钉不死他们,她也懒得和他们继续打嘴皮子官司。
她有另外更要紧的事要确认。
那个“家属”,她冷眼观察了这么久,大概有眉目是谁了。
一定不是楚志刚。
他的震惊,痛苦和后悔都是真实的。
正因为胡乱相信谣言,对楚星差点动粗,他心中有愧,所以一向宠爱的楚月会被他吼,楚向阳会被他用皮带抽。
华国式父亲,错了,永远都不可能道歉。
那些维护,那些吼,那些落下的皮带,就是他的歉意。
应该也不是楚母。
如果是她,她根本不用演戏。
在这个家里,看着是楚志刚说了算。
但,实际上,大老粗工人出身的楚志刚,对他这个文化人教师爱人,是又爱又敬。
楚母只要叹息一句,都是为了星星好。
楚父那么爱面子的人,只会轻易就被说服洗脑了。
所以,她的眼泪也不可能是演的,她没必要。
当然,也不可能是林子乔。
并不是说楚星相信他有人性。
而是楚星相信,他最爱的,始终都是他自己。
作为机关里的军官,他根本不可能冒险去说那种毫无人性,甚至可以算是支持买卖人口的言论。
如果是他的建议,一旦被反馈到了部队,他的整个军旅生涯,就彻底完蛋了。
何况,还有个更根本的逻辑。
海淀派出所的同志,应部队的邀请,去找她家人走访。
绝对不可能放着她家的血亲不管,去问一个还没结婚的“未婚夫”的意见。还将这意见,正式反馈给了军队的陆营长……
楚星盯着楚月,楚向阳,忽然一笑,说:“你问我笑什么?我是在笑,楚月有这么多爱着她,生怕她受一点委屈的好家人。”
“我却有个好家属!在我被人敲了闷棍,拐卖到云省,天幸被部队救了后,跟部队请来的海淀公安同志和妇联同志说,让我留在云省,留在拐子家,不要回来给他们丢人现眼!”
楚志刚震惊抬头,他的目光,挨着家人一个个看过去。
周秀兰正在剁肉的手猛然停了。
“拐卖?”林子乔的声音极轻。
他一直溢彩流光的桃花眼,似乎都呆滞了。
这是他从没想过的可能。
他竟然有些茫然,无法消化。
楚月正忙着帮妈妈将剁好的肉馅装起来,又去拿了两个蛋,把韭菜和蛋都放入肉馅,放上佐料,用力搅拌。
楚志刚的目光狐疑地看看儿子,又看看女儿。
楚向阳猛然跳了起来:“我也是为你好,为这个家好!你回来干什么?回来让我们楚家上上下下被人戳脊梁骨?”
“被人家说私奔,已经够难听了。但好歹那是你自愿的,说不定选的对象不错。大家也最多当成桃色纠纷说说。”

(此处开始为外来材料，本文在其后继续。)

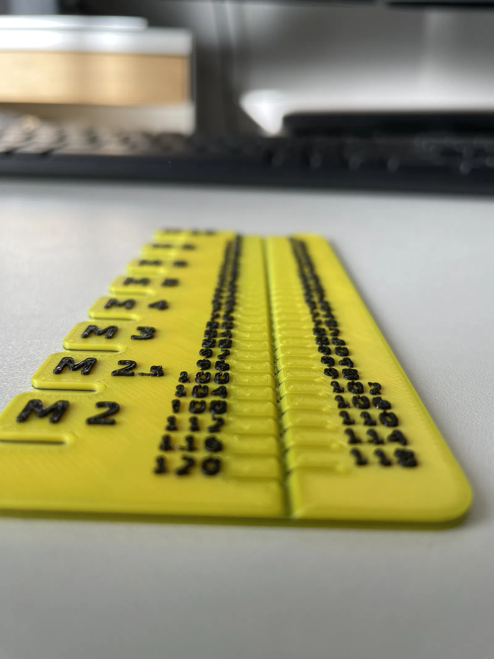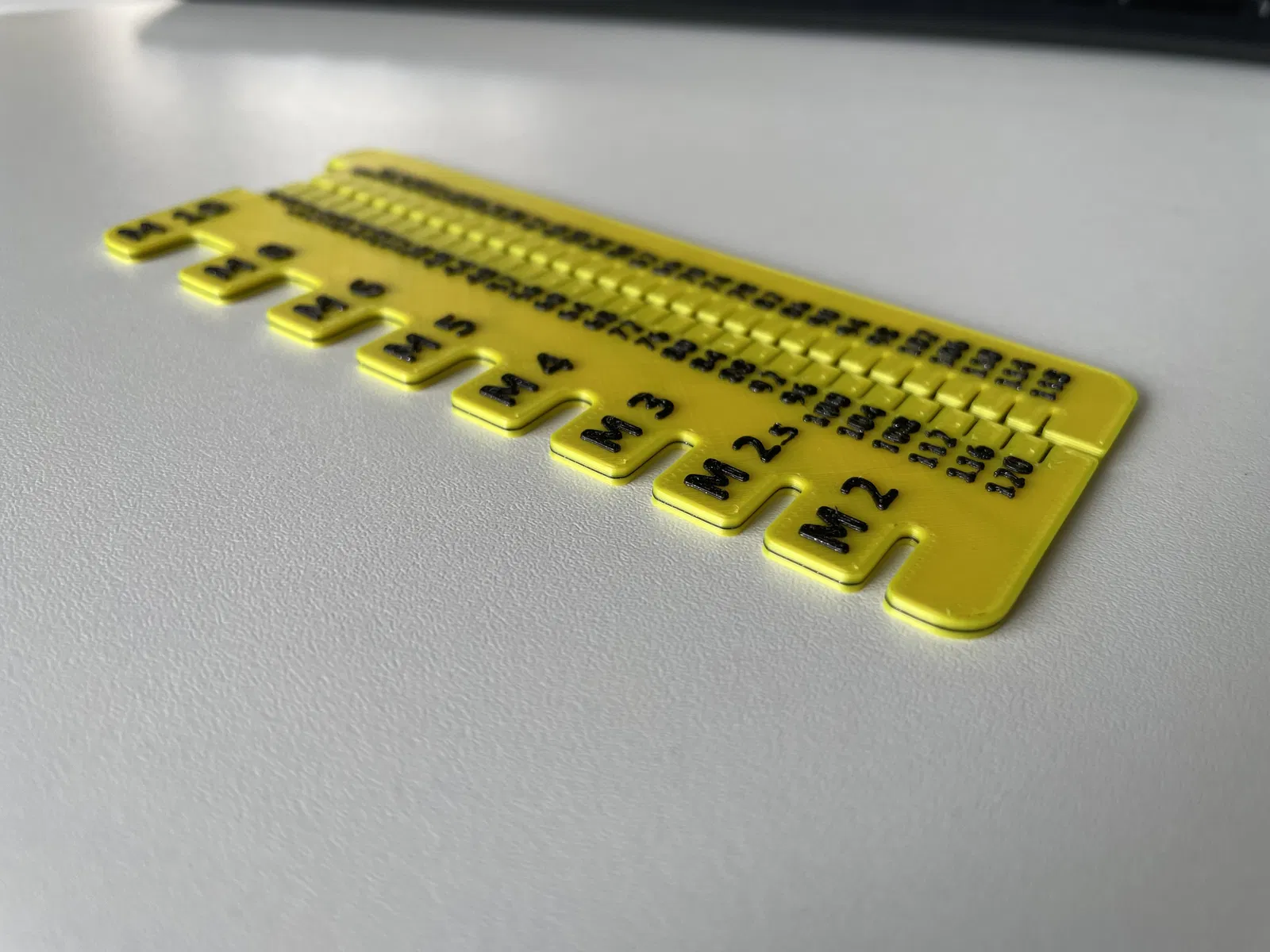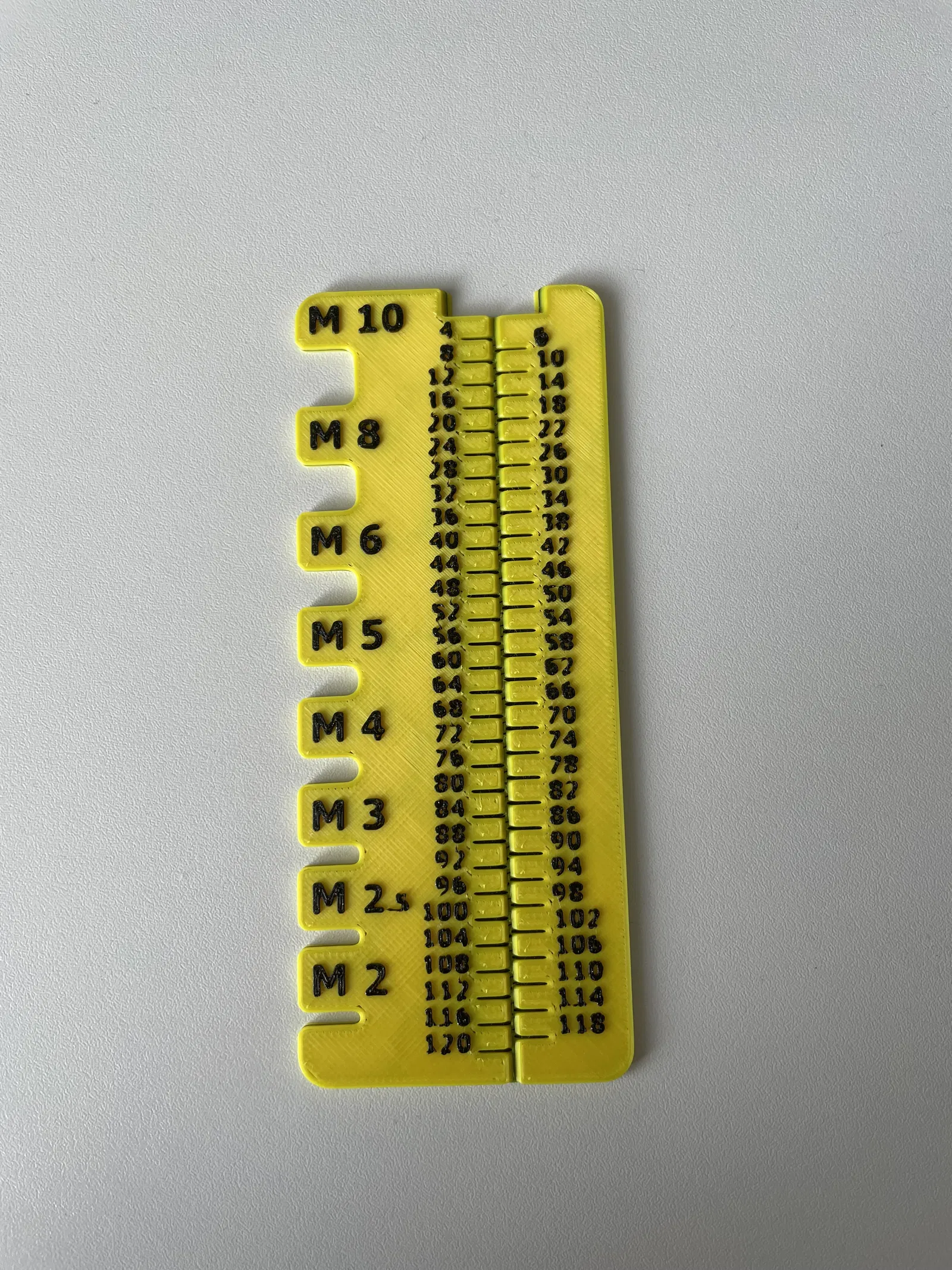 Phiên bản dụng cụ đo ốc này mỏng hơn, tiết kiệm vật liệu và in nhanh chóng. Bạn có thể dễ dàng đo chiều dài ốc với rãnh được thiết kế sẵn. Gcode đi kèm yêu cầu đổi vật liệu 2 lần để hiển thị rõ vạch chia và số đo.

“可你被拐卖了!这话要是落到王妈那几个长舌妇嘴里,会说你是破鞋,说你不知道被多少人糟蹋了,说你……”
“楚向阳!”一声暴吼炸响,皮带劈头盖脸地向他打过来。
这下,楚向阳赶紧闭上嘴,疯狂逃窜。
楚志刚拿着皮带,疯狂追击:“我打死你这个没人性的玩意儿,我楚志刚一辈子重情重义,怎么就生下你这么冷血的东西!”
“星星她是你妹妹呀。”楚志刚老泪横摔。